Une  mesure fiscale a été mise en place à savoir le report de la date de payement de l’impôt sur les sociétés au titre de l’année 2010, cette mesure concerne les sociétés soumises aux taux de 10% et 30% au 25/9/2011. Ce délai sera reporté au 25/03/2012 pour les entreprises en arrêt. La commission a, à ce jour, reçu 50 dossiers des entreprises qui ont subi des effets indirects. 31 dossiers ont été déjà traités et 19 dossiers sont encore à l’étude. 
 
Lourdeur dans les procédures de l’indemnisation
 
Pour les entreprises directement sinistrées, l’Etat a pris la décision de les indemniser.

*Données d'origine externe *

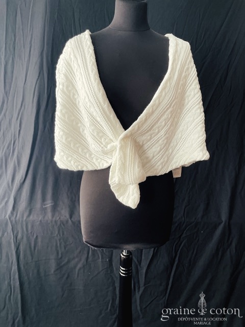 Étole / cape en maille ivoire se fermant par un système d’élastique invisible. Chaud et élégant pour les mariées de mi saison ;o)
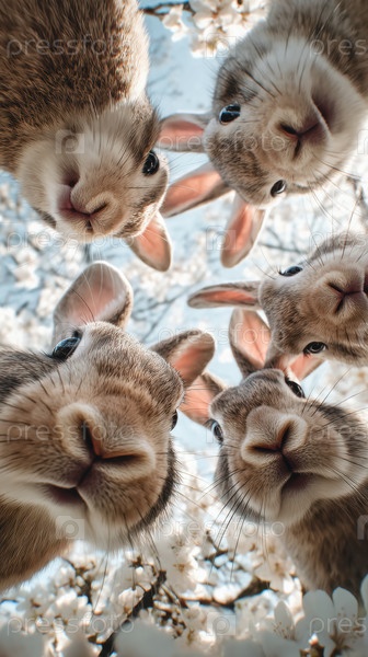 Очаровательная сцена кроликов в солнечной цветочной обстановке Интимная фотография, захватывающая игривых кроликов среди ярких весенних цветков и яркого солнечного света
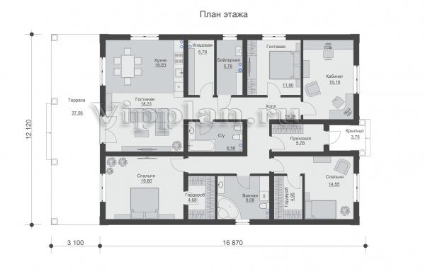 | Размеры дома: | 12.12м×19.97м |
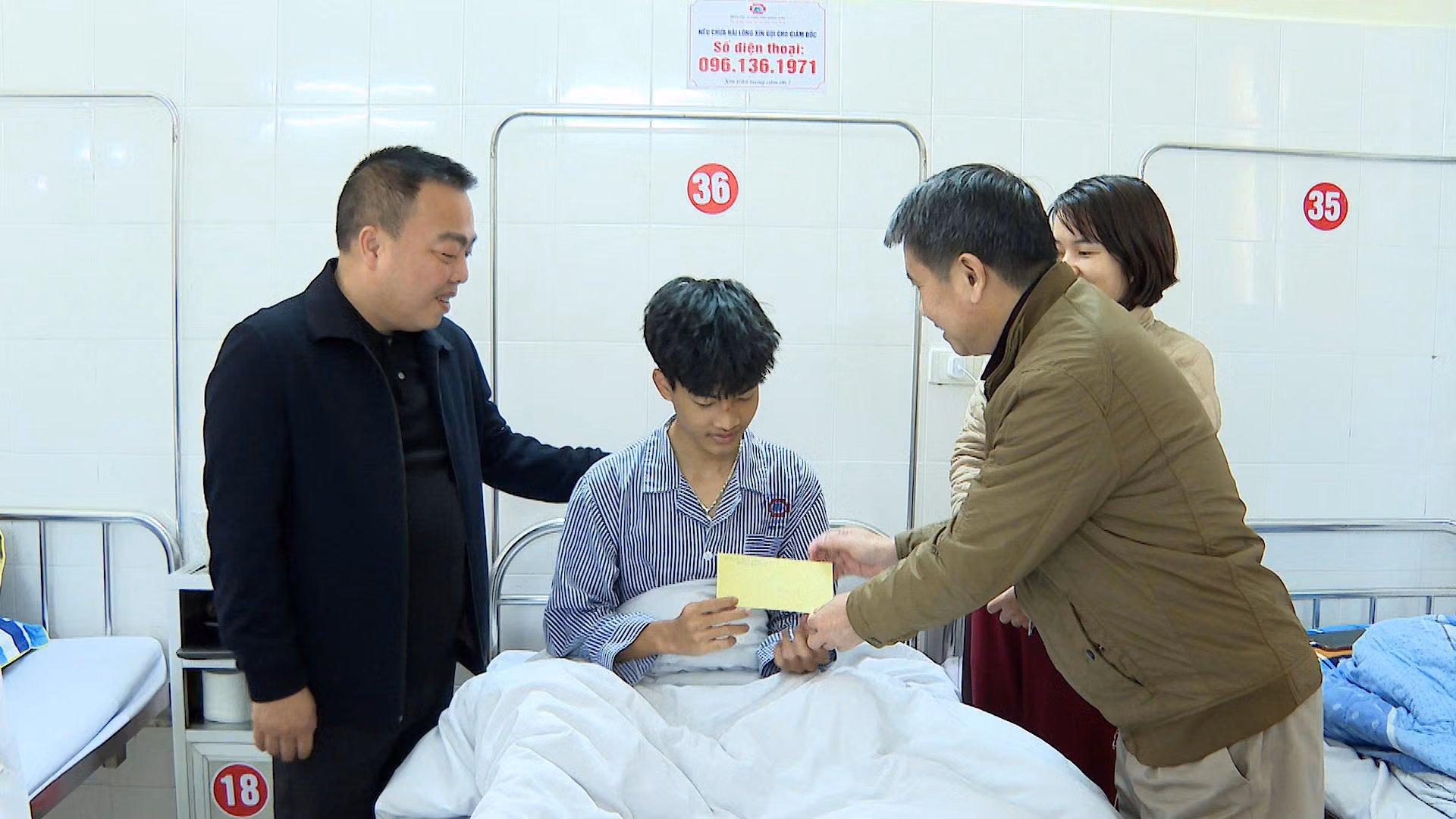 Lãnh đạo phường Hồng Gai đã ân cần thăm hỏi tình hình sức khỏe, chia sẻ với gia đình những lo lắng, ảnh hưởng về tinh thần và việc học tập của cháu Nguyễn Đức Kiên sau sự việc.
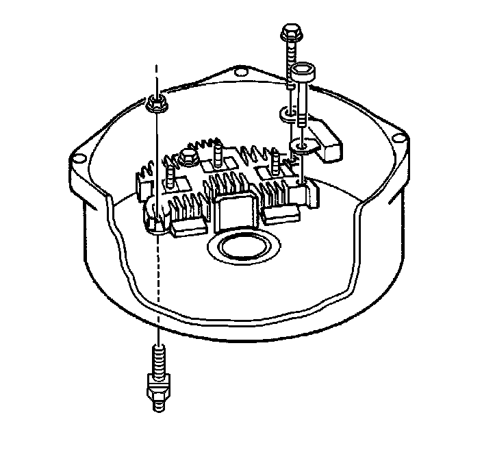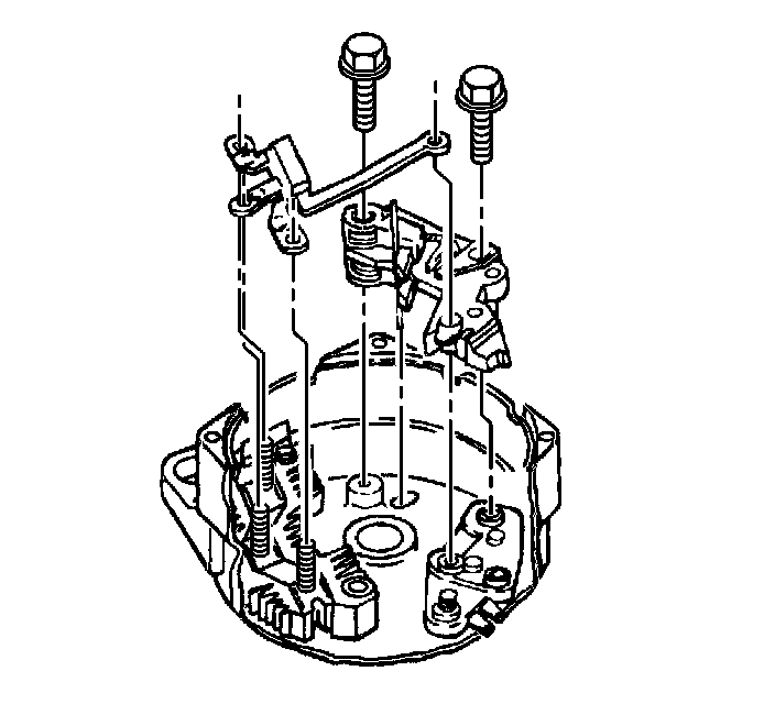 22. Use the following components in order to secure the regulator, the brush holder assembly and the diode trio to the end frame:

Les petites activités qui ont un chiffre d’affaires inférieur à 30.000 dinars ayant des dégâts dont le coût est inférieur à 10.000 dinars seront totalement indemnisées. Une commission régionale dernièrement est mise en place pour s’en occuper. Mais, d’après M. Bejja la plupart des commissions régionales n’ont pas encore entamé leurs activités alors que l’argent de l’indemnisation est déjà versé après une durée d’attente importante à cause de la pénurie de fonds. Il a expliqué cela par la lourdeur de ces dernières.
Les petites et moyennes entreprises ayant un chiffre d’affaire qui dépasse les 30.000 dinars sont indemnisées au niveau de la commission nationale qui a commencé le travail il y a environ quatre semaines et elles sont divisées en deux types. Celles qui ont une assurance, de 20 à 25% des dégâts seront indemnisés par l’assurance, le reste sera pris en charge par la commission sous forme d’indemnisation pour atteindre 50% avec un plafond de 500 mille dinars. Dans le cas des entreprises non assurées, l’indemnisation sera de 40% avec un plafond de 500 mille dinars. « Il y a seulement une dizaine d’entreprises qui ont subi des dégâts très lourds. C’est une minorité dont le plafond ne répond pas à l’importance de leurs dégâts qui dépassent les 3 millions de dinars », a noté M. Bejja.
 
6,87 milliards : total des indemnisations
 
 Jusqu’à ce jour, 97 dossiers ont été déposés à la commission nationale dont 88 dossiers ont été traités et seulement 32 dossiers ont eu l’accord de la commission, 48 dossiers sont en cours de révision dont 40 seront révisés de la part d’un expert pris en charge et nommé de la part de la commission et le reste des dossiers ont été refusés. Le total des indemnisations a atteint 6,87 milliards. Le dépôt des dossiers
Rappelons qu’aucune entreprise du total des 100 entreprises  n’a repris l’activité, « nous serons chanceux si ces entreprises arrivent à reprendre leurs activités d’ici 2012 » a souligné M. Bejja. Ce dernier a estimé le coût des dégâts qu’a subi le pays depuis le 17 décembre dernier à ce jour à 100 milliards avec une perte de 12000 postes d’emplois.
Le ministère de l’industrie a estimé le coût des dégâts des entreprises industrielles à 173 millions de dinars.
Le décret-loi promulgué le 19 mai 2011 relatif au soutien conjoncturel et l'indemnisation des entreprises sinistrées a exclu du droit de l’indemnisation : pour les établissements publics, les grandes surfaces  commerciales, les agences de voitures, les entreprises financières et les opérateurs de téléphonie. M. Bejja a expliqué cette exclusion par la lourdeur des dégâts dans ces domaines.